Meno fiabesco e molto più filosofico di Coco, Soul è un altro film a cartoni animati Disney Pixar che affronta il delicato argomento della morte. Ma non si limita al solo concetto di dipartita. Il film parla di aspirazioni, (in)sicurezze, gravami sociali e psicologici.

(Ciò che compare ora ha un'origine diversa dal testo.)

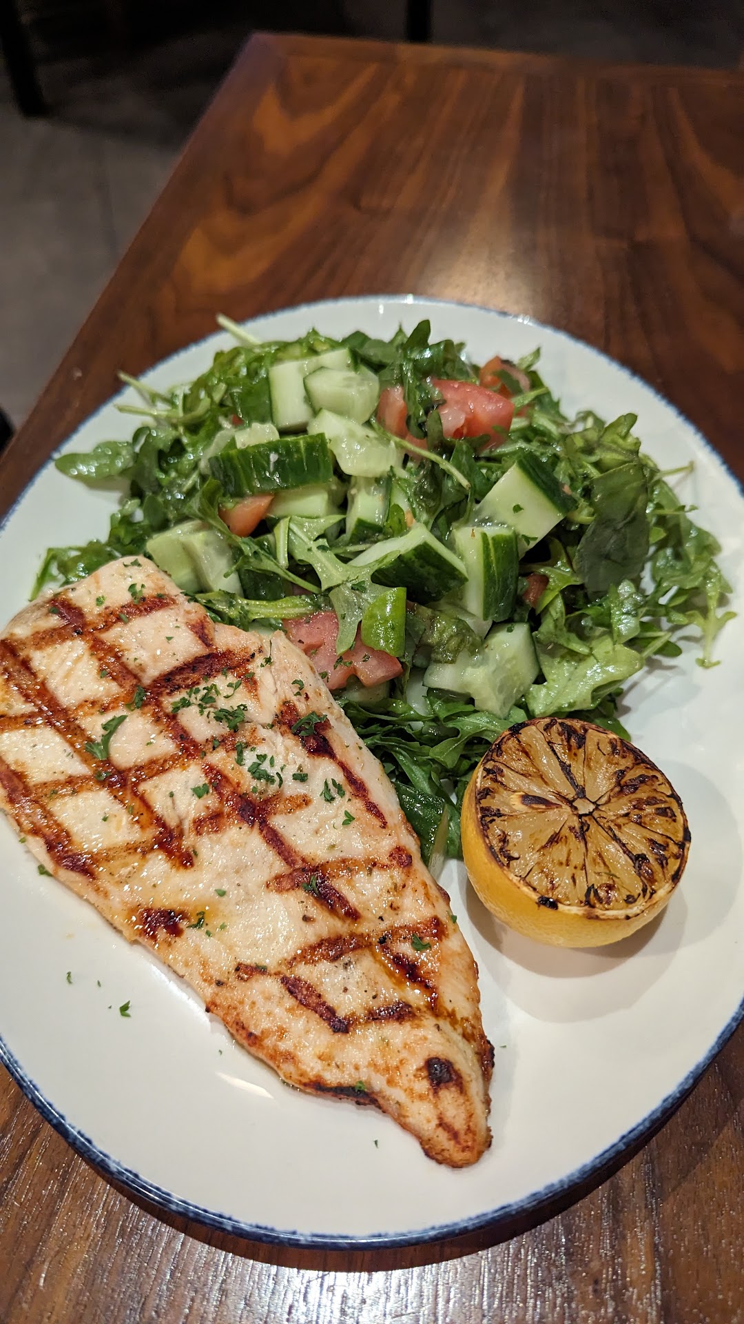 Read moreThe main dining room was closed for 10 people's private event, so maybe my experience wasn't representative, but... The service was glacial (I had to go to the bar to get my menu after 15m of waiting at a table, and then they wouldn't let me order there, so I waited another 10m for them to come by my table to order), my burger was barely rare when I ordered mid rare, and the other burger was cooked medium when they ordered mid rare. The onion rings were greasy, although the sweet potato fries were ok.

E il protagonista non è un ragazzino che gravita in un mondo a suo modo problematico ma comunque “infantile”, ma è un uomo che ha superato i 40 anni (credo che Joe tenda perlomeno alla cinquantina, in realtà) e che vive in un contesto real-istico, problemi compresi.
Questa volta, l’argomento morte/vita è trattato in maniera molto adulta: fatico a credere che un under 18 “nella media” possa comprendere appieno il senso del film e sia in grado di definire i sentimenti contrastanti e perfino l’angoscia che può derivare da una riflessione sul soggetto di Soul.

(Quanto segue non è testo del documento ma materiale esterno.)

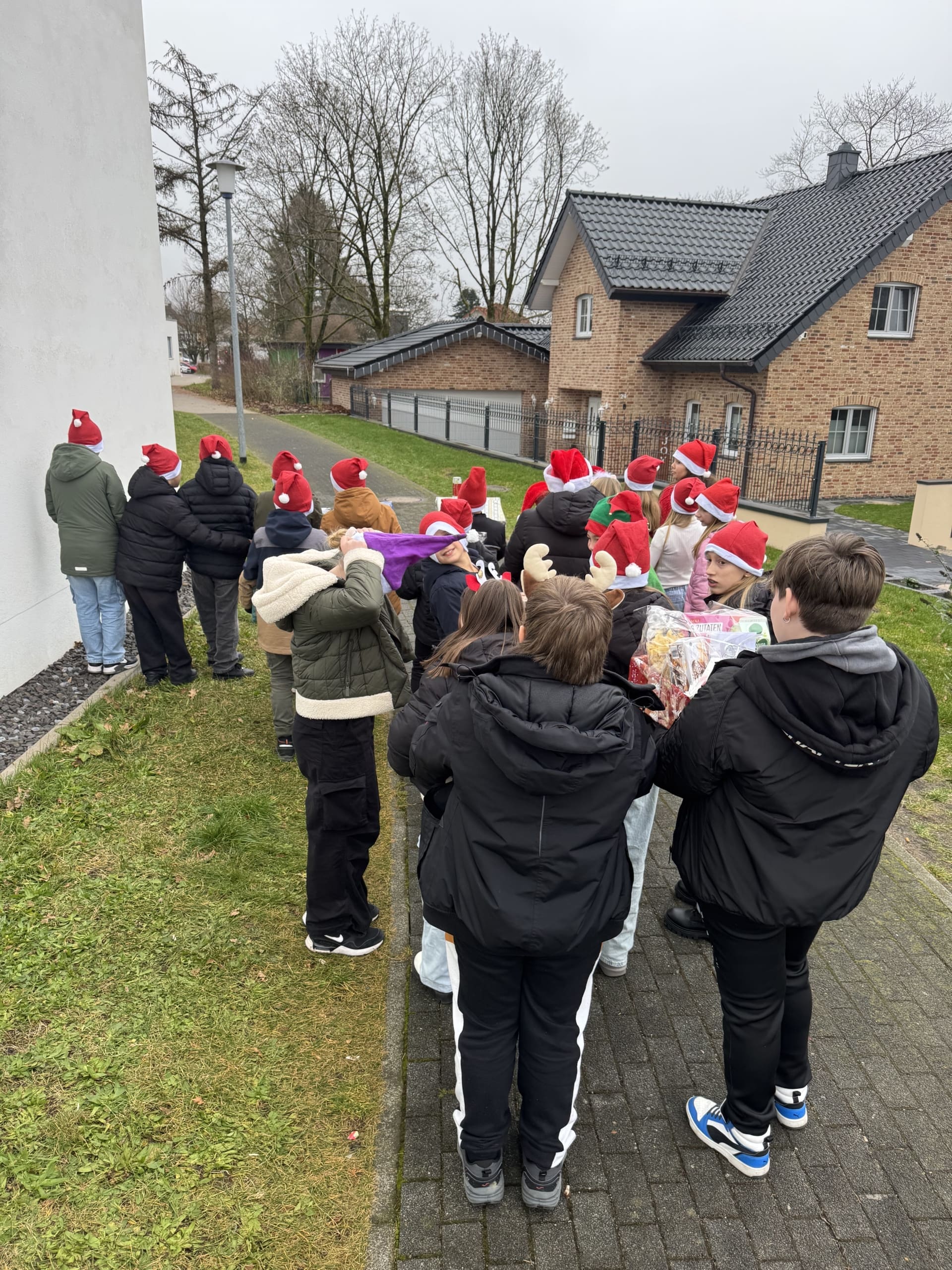 Am Mittwoch machte sich die Klasse 5c, begleitet von ihrer Klassenlehrerin Frau Kemeny, auf den Weg zum DRK, um die Pakete persönlich zu überreichen. Mit Nikolausmützen auf dem Kopf und fröhlichen Weihnachtsliedern sorgten die Schülerinnen und Schüler für eine besonders festliche Stimmung. Die liebevoll gepackten Pakete wurden dankbar entgegengenommen.

Come in Inside Out, forse, per via della presenza di Pete Docter alla regia (qui, coadiuvato da Kemp Powers), la chiave di volta del film è l’analisi della psiche del protagonista: analogamente al film premio Oscar 2016, travalicando i dualismi elementari buoni/cattivi, in Soul non ci sono eroi e villain, ma solo personaggi alle prese con problemi da risolvere e questi personaggi possono essere tante cose, persino i cattivi (verso se stessi) della situazione.
Soul è un film che affronta temi complessi ma che, per forza di cose, alla fine, tende a semplificare il discorso. Però, ha il merito innegabile di rimarcare concetti quantomai utili al benessere interiore, su cui vale la pena soffermarsi più che frequentemente. Insomma, offre un interessante altro punto di vista sulla quotidianità, il che non è male, il che è giusto.

Dal punto di vista tecnico, che ve lo dico a fare, Soul è una gioia per gli occhi, con un’attenzione ai dettagli materici da sturbo. I Jerry (e Terry) sono davvero una bella invenzione grafica (anche se mi hanno ricordato la Linea di Cavandoli).
La New York autunnale fotografata nel film è una solare cartolina della città, piena di cliché (soprattutto di derivazione cinematografica) ma adorabile.
A pensarci bene, dopo La principessa e il ranocchio (2009), Soul è il secondo film Disney in cui è protagonista una comunità afroamericana. Anzi, qui, si parla in maniera spinta di interculturalità e il film sposa bene l’anima (guarda caso…) di New York: Joe, la sua famiglia e il contesto in cui vivono sono neri e la variabile afroamericana è fondamentale nel tratteggiare in maniera peculiare il mood del film, ma nel lungometraggio ci sono anche personaggi con fattezze e nomi orientali, sudamericani e mediorientali.

Il doppiaggio italiano mi è piaciuto molto: Neri Marcoré (che, con Disney Pixar, aveva già lavorato a Up) è Joe (Jamie Foxx, nella versione originale); Paola Cortellesi (Tina Fey) è 22; Rossella Izzo (Angela Bassett) è Dorothea (un personaggio che, secondo me ha un character design stratosferico – come se già la media del film non fosse altissima- ed è animata in maniera sopraffina).

Quando ho scoperto che, oltre al jazzista jon Baptiste, gli autori delle musiche originali del film sono Trent Reznor e Atticus Ross dei Nine Inch Nails sono quasi caduta dal divano.